(ACTION ITEM)
Pictures appear among the records below and must be omitted. Repeat exactly the lines from the line with "Душевой шланг, Душевая" to the line with "Cat Figurines Resin", both included.

[Items from a dataset]
>>>>

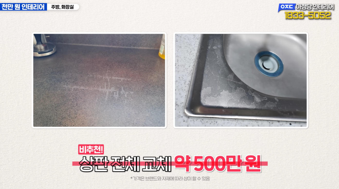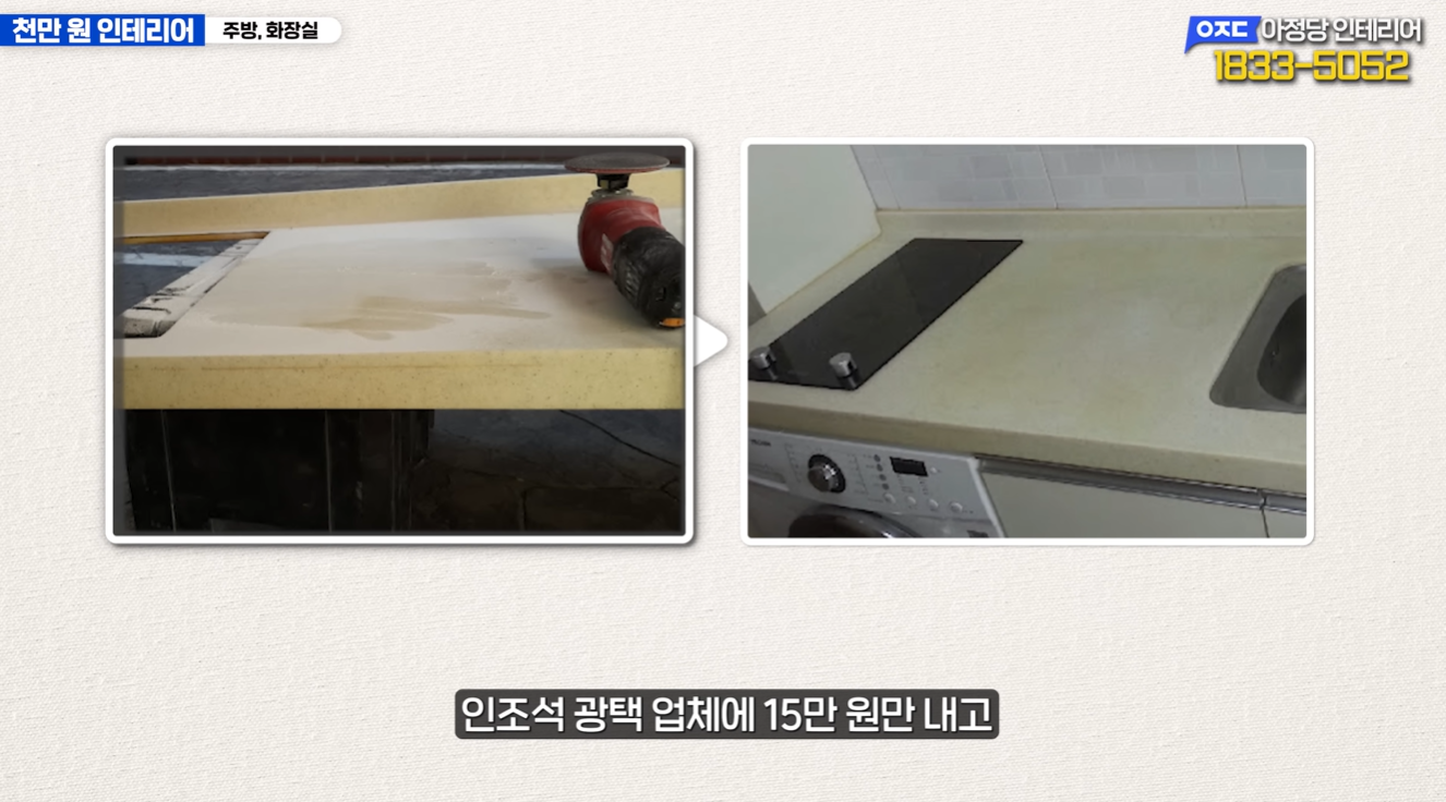 주방 | 인조석 상판 광택 시공 | 약 15만 원 |
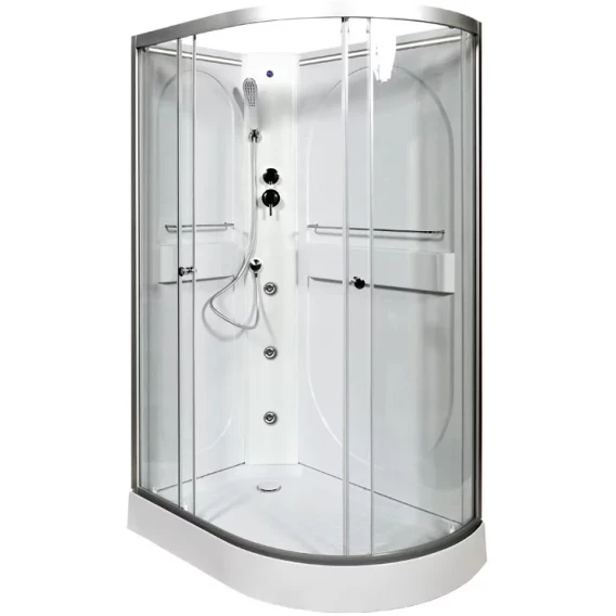 Душевой шланг, Душевая лейка, Держатель для душевой лейки, Подключение для душевого шланга, Ручки, LED подсветка, Металлический каркас, Поддон, Смеситель, Сифон, Ножки
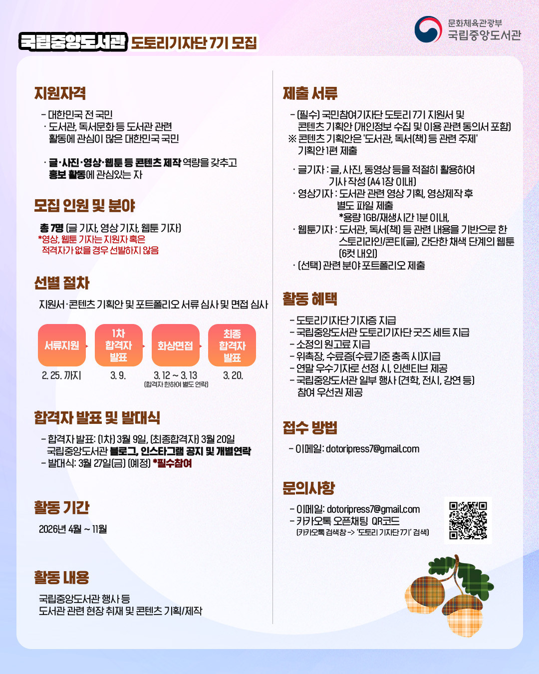 "2026년도 국립중앙도서관 국민참여기자단 도토리 7기를 모집합니다."
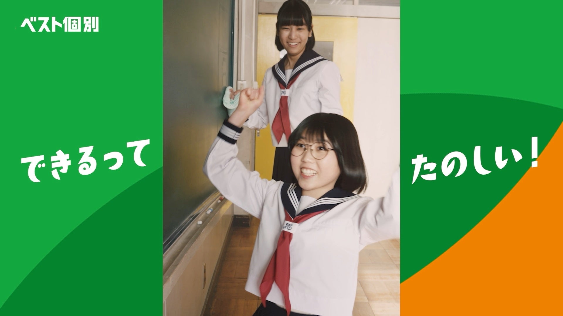 「ベスト個別」が大切にする「“できる”を楽しめ」をお届けするために、こどもたちの日常にある”できる喜び”と、学習の中での”できた”という体験を組み合わせて構成したCMです。
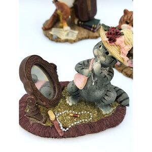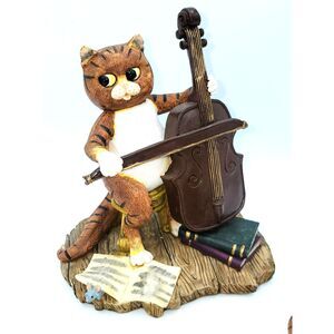 Cat Figurines Resin Set of 3 -Playing Cello/ Dressing up/ Broken Vase Cat Lover
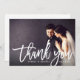 Stylish wedding flat thank you note card template features a rustic brushed script "thank you" overlay design with modern monogram and a landscape photo of the bride and groom on the front side. Includes a second portrait photo and black custom thank you message text that can be personalised on the back of the card.

<<<<

(RESPONSE TO THIS EXERCISE)
 Душевой шланг, Душевая лейка, Держатель для душевой лейки, Подключение для душевого шланга, Ручки, LED подсветка, Металлический каркас, Поддон, Смеситель, Сифон, Ножки
 "2026년도 국립중앙도서관 국민참여기자단 도토리 7기를 모집합니다."
 「ベスト個別」が大切にする「“できる”を楽しめ」をお届けするために、こどもたちの日常にある”できる喜び”と、学習の中での”できた”という体験を組み合わせて構成したCMです。
 Cat Figurines Resin Set of 3 -Playing Cello/ Dressing up/ Broken Vase Cat Lover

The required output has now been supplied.